- John Lucarotti at Panopticon 1993
- Born: John Vincent Lucarotti 20 May 1926 Aldershot, Hampshire, England, UK
- Died: 20 November 1994 (aged 68) Paris, France
- Occupation: Screenwriter
- Known for: The Avengers Doctor Who The Troubleshooters

= John Lucarotti =

British screenwriter and novelist (1926–1994)

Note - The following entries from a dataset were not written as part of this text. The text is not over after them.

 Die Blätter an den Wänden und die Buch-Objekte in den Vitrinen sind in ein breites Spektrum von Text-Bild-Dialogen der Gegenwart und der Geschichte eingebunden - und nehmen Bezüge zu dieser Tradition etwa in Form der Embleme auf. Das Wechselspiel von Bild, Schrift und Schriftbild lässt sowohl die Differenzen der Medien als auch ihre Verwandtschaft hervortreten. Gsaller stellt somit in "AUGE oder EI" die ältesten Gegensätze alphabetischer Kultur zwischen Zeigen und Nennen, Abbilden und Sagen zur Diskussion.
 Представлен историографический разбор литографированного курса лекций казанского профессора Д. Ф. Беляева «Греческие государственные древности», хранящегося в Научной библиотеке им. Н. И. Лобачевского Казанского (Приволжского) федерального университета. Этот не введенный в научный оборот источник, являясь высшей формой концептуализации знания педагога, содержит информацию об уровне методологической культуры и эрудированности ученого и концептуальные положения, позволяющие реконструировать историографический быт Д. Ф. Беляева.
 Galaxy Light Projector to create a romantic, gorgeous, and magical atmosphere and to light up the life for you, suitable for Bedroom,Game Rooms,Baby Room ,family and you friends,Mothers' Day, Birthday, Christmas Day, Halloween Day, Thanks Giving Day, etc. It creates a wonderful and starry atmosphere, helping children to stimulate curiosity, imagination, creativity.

John Vincent Lucarotti (20 May 1926 - 20 November 1994) was a British-Canadian screenwriter and author who worked on The Avengers, The Troubleshooters and Doctor Who in the 1960s.

==Early life==
Born into an Army family in Aldershot in Hampshire in 1926 the son of Helen (née Stark) and Umberto Rimes Lucarotti, John Lucarotti inherited his Italian surname from his grandfather, who was a sculptor. Lucarotti spent 10 years in the Royal Navy during and after the Second World War before moving to Canada in 1950 to pursue his interest in writing.

==Career==
A naturalized Canadian citizen, he began his career at the Canadian Broadcasting Corporation, writing on over 200 various scripts for them as well as for Canadian television.

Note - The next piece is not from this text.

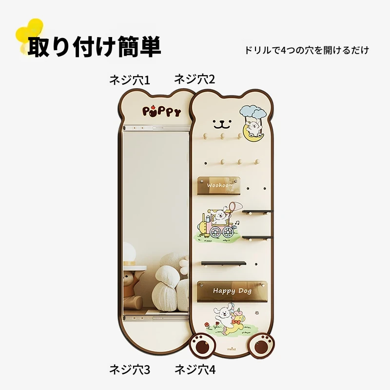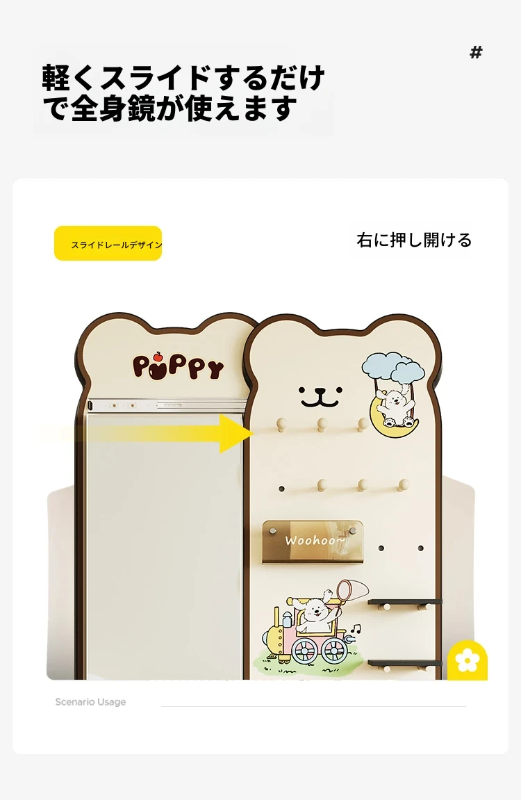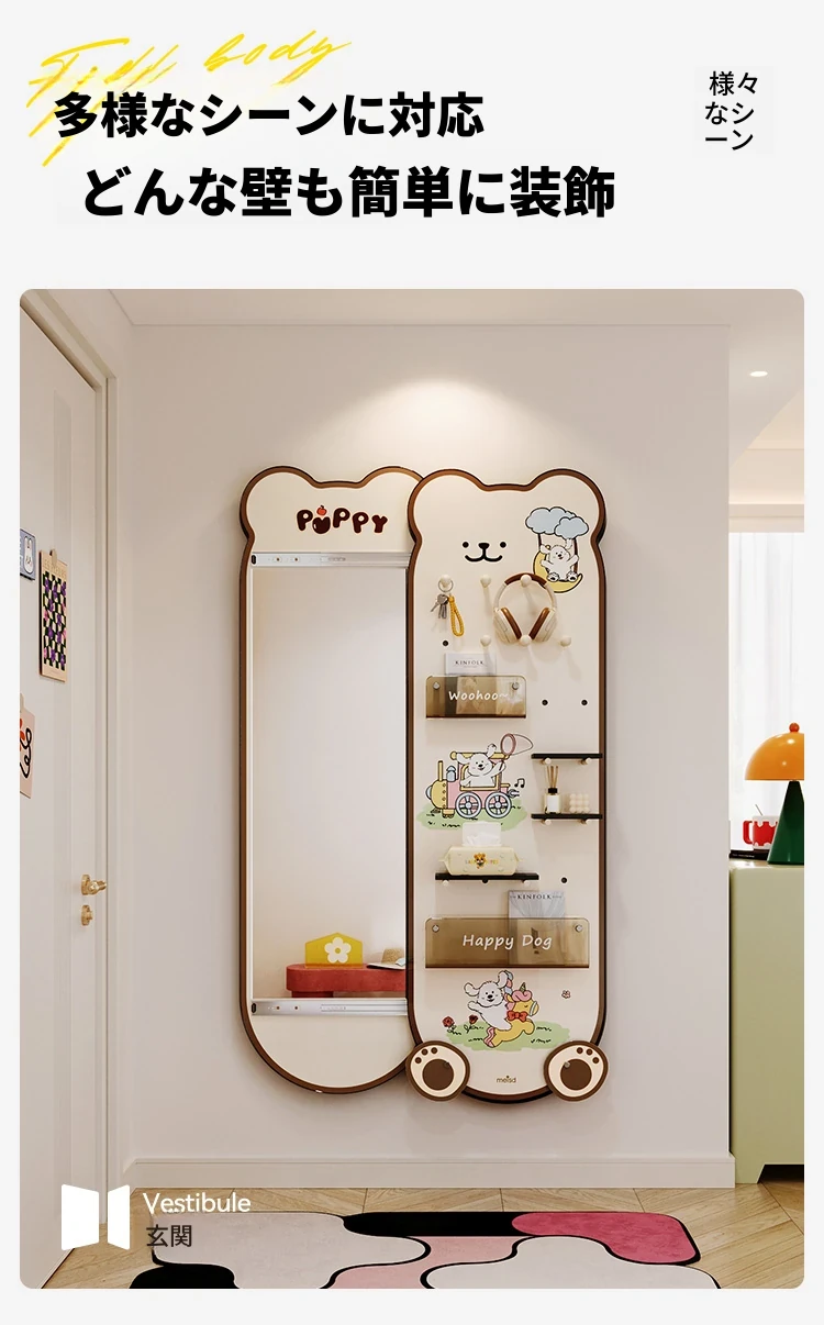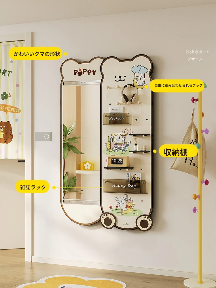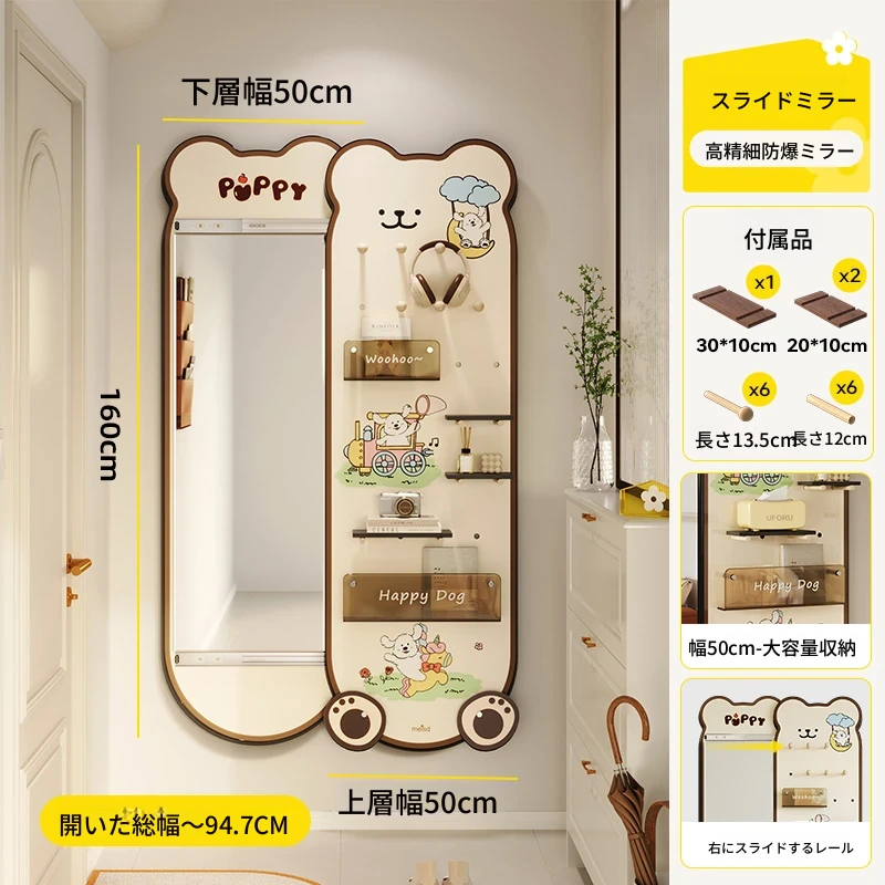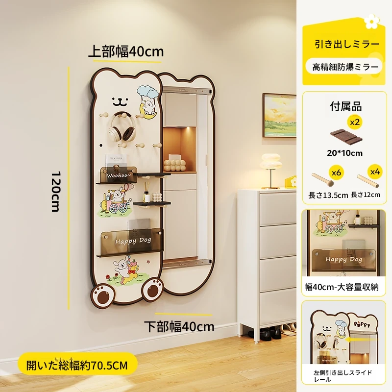 美世达の玄関用隠し式全身鏡【スライド式】、スタイリッシュな壁掛けドレッシングミラー。省スペースでおしゃれなインテリア、あなたの毎日のコーディネートをサポート!

In 1956–7, he wrote scripts for the Canadian television series Radisson and also wrote the lyrics to the theme song. He then worked for a period selling encyclopedias door-to-door until troubled by his conscience for selling things to people they didn't really want or need. He moved back to England where he had a prolific career. He created the television series Operation Patch (later novelised), The Ravelled Thread, and The Panther's Leap. He wrote six episodes for The Avengers (one episode however was a rewrite of a script by Gerald Verner), thirty-two episodes for The Troubleshooters and contributed fifteen episodes to the BBC's Doctor Who in the 1960s, the three serials: Marco Polo, The Aztecs and The Massacre of St Bartholomew's Eve.

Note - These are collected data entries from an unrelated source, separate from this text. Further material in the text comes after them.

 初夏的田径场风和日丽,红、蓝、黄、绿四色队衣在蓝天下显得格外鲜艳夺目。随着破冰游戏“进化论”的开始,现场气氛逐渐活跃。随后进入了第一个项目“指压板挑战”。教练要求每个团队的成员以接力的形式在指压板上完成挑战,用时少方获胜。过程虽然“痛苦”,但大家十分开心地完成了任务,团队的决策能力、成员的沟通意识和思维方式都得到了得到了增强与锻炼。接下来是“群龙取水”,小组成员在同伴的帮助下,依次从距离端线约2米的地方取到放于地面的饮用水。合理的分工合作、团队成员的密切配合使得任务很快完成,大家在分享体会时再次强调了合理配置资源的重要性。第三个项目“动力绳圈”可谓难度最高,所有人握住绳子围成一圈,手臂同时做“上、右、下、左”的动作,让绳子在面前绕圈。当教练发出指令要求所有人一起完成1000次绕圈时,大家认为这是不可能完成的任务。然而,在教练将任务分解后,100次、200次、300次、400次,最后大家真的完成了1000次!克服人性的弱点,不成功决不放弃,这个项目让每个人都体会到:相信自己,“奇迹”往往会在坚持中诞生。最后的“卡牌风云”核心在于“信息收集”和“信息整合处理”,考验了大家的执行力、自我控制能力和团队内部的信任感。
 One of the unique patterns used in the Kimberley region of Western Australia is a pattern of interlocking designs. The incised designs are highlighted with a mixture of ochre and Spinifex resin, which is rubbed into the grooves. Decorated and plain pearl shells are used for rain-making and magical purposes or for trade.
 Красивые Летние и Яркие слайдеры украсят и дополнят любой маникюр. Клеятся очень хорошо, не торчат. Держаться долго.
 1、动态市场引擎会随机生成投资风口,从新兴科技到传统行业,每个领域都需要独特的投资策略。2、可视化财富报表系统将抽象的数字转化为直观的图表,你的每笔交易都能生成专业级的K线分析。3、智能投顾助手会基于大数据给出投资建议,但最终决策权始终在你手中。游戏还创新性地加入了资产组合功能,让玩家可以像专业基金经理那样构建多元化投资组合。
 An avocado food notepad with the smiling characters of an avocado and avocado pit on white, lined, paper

He subsequently novelised his Doctor Who scripts for Target Books. He contributed a script for what ultimately became the 1975 serial The Ark in Space, but it was rewritten by script editor Robert Holmes and Lucarotti received no on-screen credit.

==Personal life==
In 1950 he married Lorna D Blaney in Gosport in Hampshire but the marriage was later dissolved. He later married Rose-marie Sandy in London in 1969.

==Death==
Lucarotti died of spinal cancer in Paris on 20 November 1994 at age 68.